▶ Work to be completed: Nothing outside the lines below from the one containing "Можно также воспользоваться" through the one containing "and cable tray." is to be printed; print those exactly, ends included, and drop the pictures.

Working data Start Marker

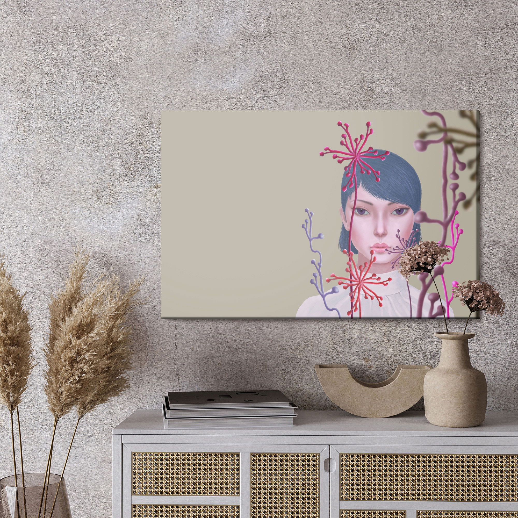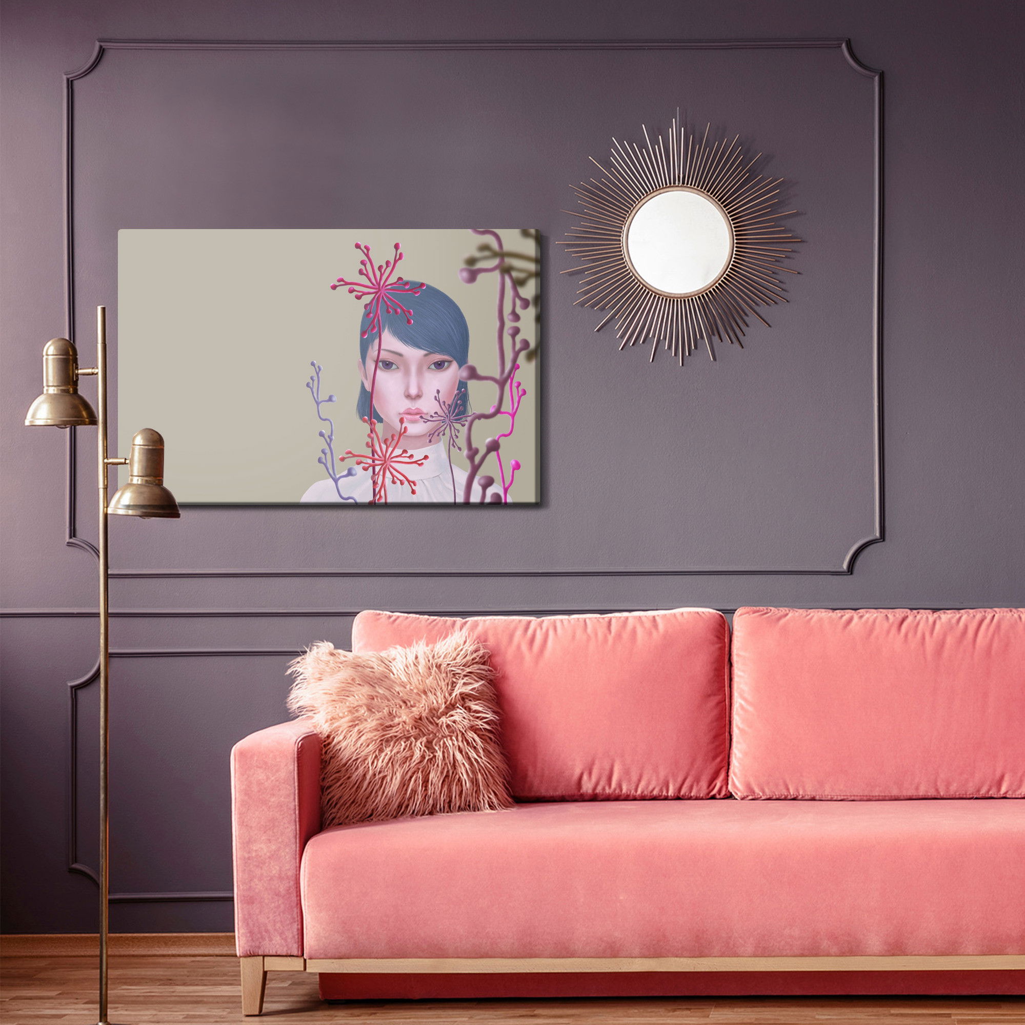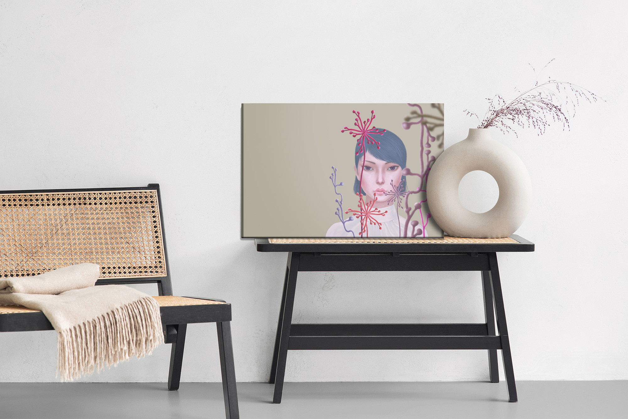 Ljuddämpande tavla – Woman and flower . concept för lugnare rum och mjukare akustik
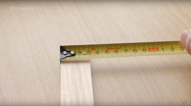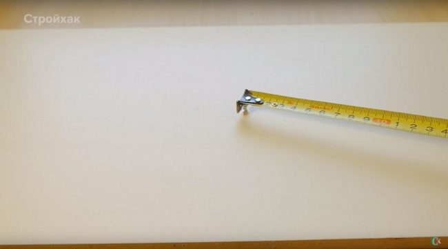 Можно также воспользоваться малярной лентой. Отрезаем от нее кусочек и проводим на ней пару измерений в противоположных направлениях.
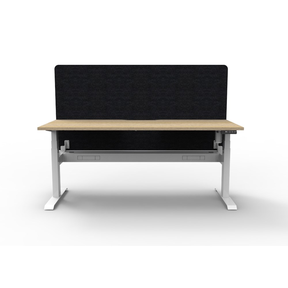 • Electric height adjustable single sided workstation with Natural Oak top and White Satin frame, Black Eco screen and cable tray.
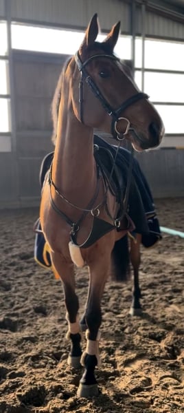 Ascendencia: Mangoon x Dollar du Murier x Fighting Alpha x Grannus A la venta nuestro potro de 5 años, Mangoons Jumper, criado y nacido en nuestra cuadra. Este simpático joven atleta de competición impresiona por su facilidad de manejo, su perspectiva y su carácter sereno en el recorrido. A los 4 años, ya adquirió experiencia en concursos y se mostró muy valiente y sin miedo al salto. Ya ha ganado en la categoría de Caballos de salto A. Su madre, Dolly Jumper, fue ella misma exitosa en concursos de salto hasta 1,40 m y ha dado varios descendientes. Su primer potro, C’est Paris, también compitió con éxito hasta 1,40 m con Lexi Stais. Su segundo potro, la yegua de 6 años Ally Jumper, logró numerosas colocaciones y rondas limpias en Caballos de salto A y L el año pasado. Mangoons Jumper es el tercer hijo de Dolly Jumper. El padre, Mangoon, también proviene de nuestra cría. Ganó, entre otros, el Campeonato de Deister de caballos de 4 años en Dobrock y actualmente compite internacionalmente hasta 1,60 m con Lorenzo de Luca. Mangoons Jumper destaca por su hermoso movimiento, su talento en el salto y su actitud tranquila y segura en el recorrido. Un prometedor caballo en desarrollo para seguir avanzando en el mundo del salto. Las radiografías están disponibles y no presentan hallazgos patológicos. Para más información, no dude en contactarnos.
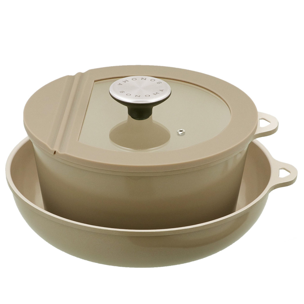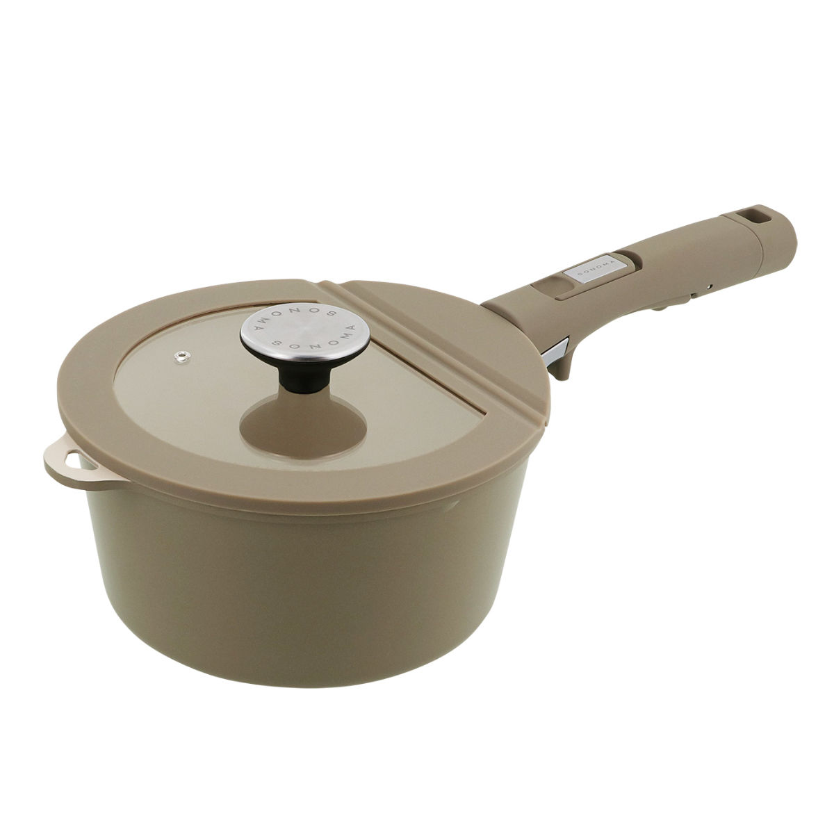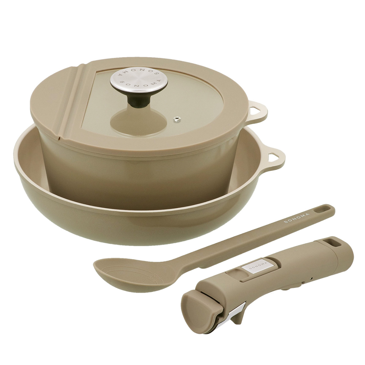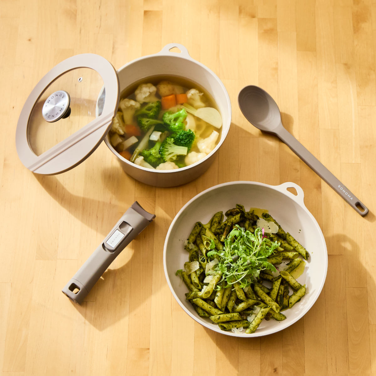 調理から盛り付けまでスマートにこなせる「SONOMA」シリーズの5点セットです。【フライパン 24cm】【ポット 20cm】【ガラス蓋 20cm】【着脱式ハンドル】【調理スプーン】がセットになっています。このセットがあれば基本の調理に対応できるので、新生活を始める方にもおすすめです。
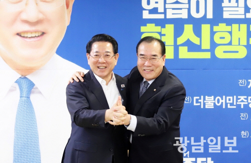 | 이개호 국회의원이 1 일 김영록 민주당 전남광주특별시장 예비후보 사무실을 찾아 김 예비후보와 손을 맞잡고 있다. |
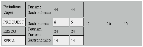 A consulta foi realizada nas bases de dados: periódicos CAPES, SPELL, PROQUEST, EBSCO. Como descritores-chave foram utilizados: turismo gastronômico, gastronomic tourism e turismo gastronómico. Desta maneira, objetivou-se agregar artigos de idiomas: português, inglês e espanhol. Como filtro inicial foram considerados os descritos de diferentes maneiras, em conformidade com as limitações/opções de cada base, ou seja: a) periódicos CAPES: a busca considerou o título das pesquisas; b) PROQUEST: foram considerados os trabalhos com base na associação dos descritos com o resumo dos trabalhos e publicações revisadas por especialistas; c) EBSCO: foram selecionados os artigos com base no resumo, textos completos e revistas acadêmicas; e; d) SPELL: considerou-se os resumos dos trabalhos.

Working data End Marker

▶ Your response:
 Можно также воспользоваться малярной лентой. Отрезаем от нее кусочек и проводим на ней пару измерений в противоположных направлениях.
 • Electric height adjustable single sided workstation with Natural Oak top and White Satin frame, Black Eco screen and cable tray.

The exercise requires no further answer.